# Sterling Kohler Vikrell Bathtub



## firehawkmph (Dec 12, 2009)

Vike,
I have used the sterling vikrell tubs on some jobs. They worked out well, seemed to be well made, and went in easy. I used the ones with the wall surounds. If you are going to tile, check their website. I would imagine they have two different tubs for tile or the wall system. I don't remember what the instructions say, but we did set ours in a bed of mortar just to keep them from creaking. 
Mike Hawkins


----------



## Vikeologist (Aug 2, 2006)

how did you do this? my osb floor is about a 1/2 inch lower along the back wall of the tub, than the front...how do I level that so all the support feet on the bottom of the tub are in contact with the osb?


----------



## firehawkmph (Dec 12, 2009)

Vike,
I usually mix up an 80# bag of mortar and spread it around where the tub would contact the floor in a perfect world. In you case, just make sure you have about an inch thick of mortar where the floor is low. You still want it to go under the whole tub base where the grid pattern is. Mix it up on the thicker side. Set the tub in it and gently wiggle it into place, checking for level as you go. Once it is level, fasten the clips on and let it alone for the mortar to harden up. 
Mike Hawkins


----------



## Vikeologist (Aug 2, 2006)

ok what kind of mortar? Will the quickcrete stuff work? How long does it take to set up before I can put the wall surrounds up?

should I put plastic down on the OSB before puting the mortar down, and should I put plastic over the mortar so the tub is easier to remove if I should ever have to?


----------



## firehawkmph (Dec 12, 2009)

Vike,
You can use the mortar mix that comes in the bags from quickcrete. Make sure it is just mortar mix and has no stones in it. You're not mixing this up soupy at all. Use just enough water to blend the material together. Should be on the stiff side. If you want to put a piece of plastic down to protect the osb, I don't see where that would hurt anything. I would use any between the tub and the mortar though. You want the mortar to shape itself to the bottom of the tub. I wouldn't worry about removing the tub later. It'll come out like they all do, in pieces. I would let it sit overnight before stepping in it to fit the wall sections. Just take your time and make sure you get it level in both directions. 
Mike Hawkins


----------



## thebigsee (Jul 27, 2009)

I just installed a Sterling Vikrell shower enclosure (the Ensemble Curve model) and it's probably similar to the tub install. I have been very pleased with the Sterling unit and although it took about 3 deliveries to get a non-cracked wall unit (seems to be a common issue with Sterling - the packaging is really flimsy), it finally installed quickly and has performed beautifully. 

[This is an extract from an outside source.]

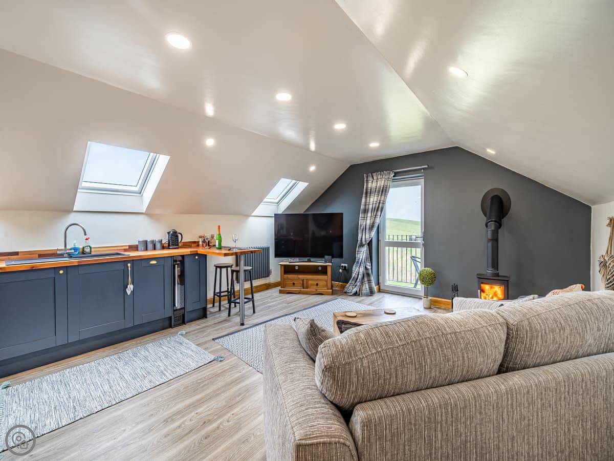 Upon arrival, you will discover a gated entrance, private parking awaits directly outside the property for up to two cars. Step into this stunning holiday home with vaulted ceilings and Vexlus windows throughout, oozing luxury from top to bottom. The owners have refurbished the property with comfort and style in mind. Rita’s Roost provides accommodation for up to four guests, with one double bedroom and additional sleeping arrangements on a double sofa bed in the living room. Wander upstairs to be greeted by a cosy reading room with a chair and drawers, the perfect place to relax and unwind in after a day exploring the local area. Stroll through to find an open plan design kitchen and dining area where you will find a well-equipped kitchen/dining room for rustling up your best dishes ready to savour at the breakfast bar or on the balcony whilst absorbing the stunning views. Not fancy cooking? Then venture out to find some local restaurants and eateries? After dinner, make your way through to the living room and curl up on the sumptuous sofas in front of the wood burner as your favourite show or movie plays out on the Smart TV. A large family bathroom can be found on the same floor benefitting from a bath with a shower over, and a pedestal wash hand basin. Relax on the balcony and absorb the amazing views. When sleep calls, you can find your double bed to sink down and rest your head after a long day exploring the local area. Treat your loved ones to an unforgettable and luxurious stay at Rita’s Roost.
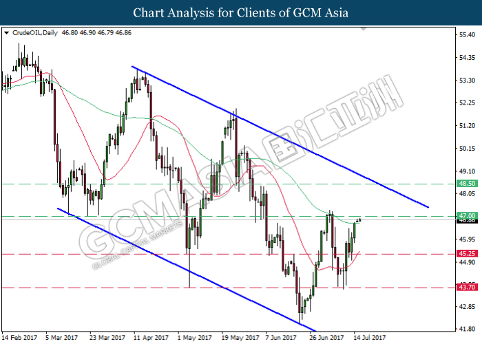 CrudeOIL, Daily: Harga minyak mentah didagang dengan lebih tinggi selepas ia melantun dari tahap sokongan 45.25. Penutupan niaga di atas tahap rintangan yang kukuh berhampiran 47.00 akan mencadangkan harga minyak untuk melanjutkan kenaikannya ke paras atas saluran menurun selepas itu.

I did a LOT of research and as far as prefabricated tubs/showers go, Sterling appears to be the best and most respected. They really are well-engineered, and seem to be extremely tough -- the cracked units were always damaged slightly in the corner areas, but you could tell that was from mishandling. Once installed, they are really tough and can take a beating. Just a good cost/quality balance to them. I am replacing my tub right now and I'll be putting in a Sterling Performa unit with no reservations.

Putting the unit in mortar is absolutely essential for total peace of mind. I think the tubs and shower bases would probably work well for years without it, but doing it in mortar adds about $10 to the cost and about an hour to the install -- it's time and money well spent. My shower feels like cast iron at the base and I am very pleased that I did it. 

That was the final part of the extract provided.